Given an array of scores, predict whether player 1 is the winner. You can assume each player plays to maximize his score.
Example 1:
Input: [1, 5, 2] Output: False Explanation: Initially, player 1 can choose between 1 and 2.
If he chooses 2 (or 1), then player 2 can choose from 1 (or 2) and 5. If player 2 chooses 5, then player 1 will be left with 1 (or 2).
So, final score of player 1 is 1 + 2 = 3, and player 2 is 5.
Hence, player 1 will never be the winner and you need to return False.
Example 2:
Input: [1, 5, 233, 7] Output: True Explanation: Player 1 first chooses 1. Then player 2 have to choose between 5 and 7. No matter which number player 2 choose, player 1 can choose 233.
Finally, player 1 has more score (234) than player 2 (12), so you need to return True representing player1 can win.
Note:
- 1 <= length of the array <= 20.
- Any scores in the given array are non-negative integers and will not exceed 10,000,000.

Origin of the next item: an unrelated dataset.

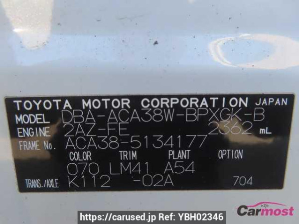 ACA38W is also the model of the first generation of Toyota Vanguard. The main difference between ACA33W and ACA38W is that ACA33W is 2.4-liter 4x4 and ACA38W is 2.4-liter FF.

- If the scores of both players are equal, then player 1 is still the winner.
Approach #1: DP. [Java]
class Solution {
public boolean PredictTheWinner1(int[] nums) {
int n = nums.length;
int[][] dp = new int[n+1][n+1];
for (int i = 0; i < n; ++i)
dp[i][i] = nums[i];
for (int len = 1; len <= n; ++len) {
for (int i = 0; i < n - len; ++i) {
int j = i + len;
dp[i][j] = Math.max(nums[i] - dp[i+1][j], nums[j] - dp[i][j-1]);
}
}
return dp[0][n-1] >= 0;
}
public boolean PredictTheWinner(int[] nums) {
int n = nums.length;
int[] dp = new int[n+1];
for (int i = n-1; i >= 0; --i) {
for (int j = i; j < n; ++j) {
if (i == j) {
dp[i] = nums[i];
} else {
dp[j] = Math.max(nums[i] - dp[j], nums[j] - dp[j-1]);
}
}
}
return dp[n-1] >= 0;
}
}
Approach:
Using a two dimensional array dp[i][j] to save all the intermediate states. From step 1, we may see at least two ways of doing it. It just turned out that if we choose to save how much more score that the first-in-action player will earn from position i to j in the array, the code will be better in a couple of ways.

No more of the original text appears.